Cerca de las seis. Encontramos a Juanin, el de las rastas vaciladoras, montando guardia fuera de la casita de campaña que ha compartido con dos camaradas a la espera del concierto del lunes. Le damos el abrazo solidario a su espera, las palabras de aliento, y nos acercamos a la puerta.
Siete. Nos separamos de Adela y Ángel, quienes entran por otro acceso, y me quedo con la mirada de ambos, llena de esa angustia preconcierto, como niños en cinco de enero, que seguro es muy similar a la que tengo. Tras hacernos de la playerita del recuerdo como buenos fetichistas, decidimos esperar la hora que falta en nuestros lugares. Acceso 2, sección NA-7, fila 2; Areli e Ilse burlan la complaciente seguridad y entran felices con su respectiva grabadora en mano. Al subir las escaleras descubrimos una multitud debajo de nosotros, a ras de cancha, que espera ansiosa.
Siete treinta. Le pido tres cervezas a un individuo de casaca amarilla, lo que me granjea el “uy, que espléndido” de mi carnala.
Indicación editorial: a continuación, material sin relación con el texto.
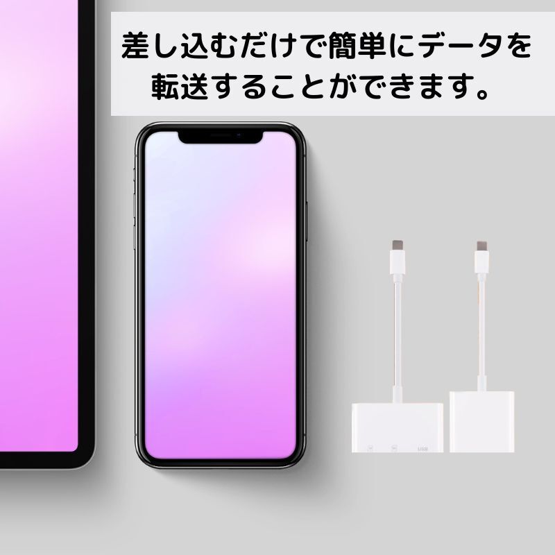 | 商品説明 | SDカードリーダー iPhone iPad データ転送 動画転送 Type-C 2in1SDカードリーダー SDカードとMicro SDカードの両方が使用可能です。 (ただしSD/TFカードリーダーを同時には使用できません) デジカメやスマホで撮った写真データを、ほかの機器へ転送するときに活躍するSDカードリーダーです SNSに写真をアップするときのツールとしても重宝します。 柔軟性のある柔らかなケーブルを採用しており、折り曲げて使用して頂く事も可能です。 【 使用方法 】 ①スマートフォンをケーブルに差し込みます。 ②SDカードを挿入口に差し込みます。 ③スマートフォンが自動的に写真アプリを開き、 インポートアイコンがポップアップ表示されますので、タップ ④インポートしたい写真を選択します。完了です。 カラー:ホワイト 接続口:Type-C 重量:約15g USB2.0速度 対応OS:iOS13以降 SDカードアダプターは、SD / SDHC / SDXC / micro SD / microSDXCメモリーカードと互換性があります。※microSDを使用する場合は別途でアダプタを購入する必要がございます。 ※挿入口に差し込む際には、優しく差し込んでください。 ※水気の少ない場所でご使用頂きますようお願いいたします。 |
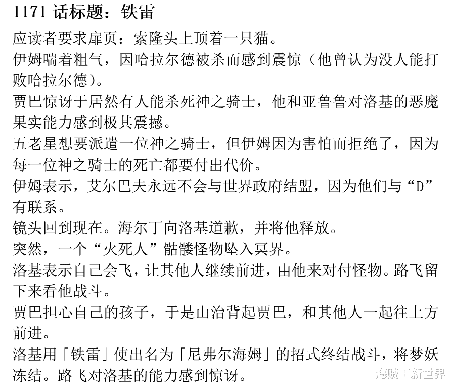 文字情报,剧透慎点!#海贼王#点评:能力越强必然需要承担风险神骑拥有不死而且还强化实力本身想打破这个契约相当难但本话还没
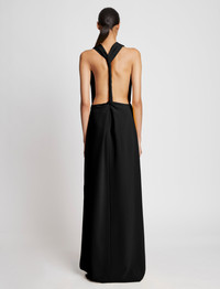 The Matte Crepe Backless Dress is cut in matte crepe with a fluid drape. Features a high mock neck and a single twisted strap at the center-back. Maxi-length hem with a single side split. Invisible side zip closure. Slim fit. 70% triacetate, 30% polyester. SKU: R2213004BY116001

Son doscientos diez, por favor, me dice el caballero, y con el corazón afligido y a punto del soponcio por el shock, me veo obligado a devolver una. ¡Puta!
Siete cincuenta. Me encuentro a dos amigas, Ale y Brenda rocker. Les deseo el mejor concierto de sus vidas. Regreso a mi asiento en el momento en que las luces se apagan y entre la banda prende la primera ráfaga de histeria vocalizada. Kraftwerk, la banda abridora, se arranca con la primera rola. Machine, machine, machine, machine...
Ocho treinta. Llega Karla con la lengua colgante y la respiración cortada. Mata la incertidumbre: claro que trae orgullosa su arquetípica blusa rayada de todos los conciertos. “órale, que chido con la música electrónica. Ahora sí podré hacer mi famoso paso de robot”; como siempre, Karla.
Nueve cuarenta y cinco. Hace cuarenta que Kraftwerk terminó. Buen número el de los cuatro alemanes mitad hombre mitad robot. Los técnicos se llevan casi una hora en montar el escenario, Areli ha ido cada diez minutos al baño por los nervios. Todos fumamos masticando la colilla, pues sabemos que en cualquier momento…
Se apagan las luces y se hace la música. Sin saludo de por medio, sin “buenas noches mexicou”, la banda más importante de las últimas décadas comienza a tocar. El Foro se convierte en el escenario de una ceremonia que no olvidaremos jamás. Todo un mundo fascinante de armonías se despliega ante nuestros oídos. Las cuatro horas de fila por un boleto, los meses de espera, la noche de semivigilia que pasó Areli un día antes por la emoción, todo, absolutamente todo, ha valido la pena, pues al fin estamos ahí, atónitos, casi en trance, y entre rola y rola adquiero conciencia de que estoy en un concierto que hará historia; imagino que así se habrán sentido quienes vieron a Queen en aquel concierto legendario de Puebla y es Are quien me saca de la ensoñación cuando se prende a mi cuello con tal fuerza que me hace daño. Sus uñas se clavan en mi brazo, las piernas se le vuelven de papel. Ilse me mira con ojos desorbitados y contiene el llanto, mientras yo me limito a admirar con reverencia a los tales reidiojed. La luna brilla tenue con un amarillo ocre por encima del escenario; en un momento desaparece y poco a poco, despacio, resurge, con un fenómeno que no atinamos a explicar. Internamente pienso que la luna, como Areli y como mi hermana, es otra gran fan que no puede contener su emoción.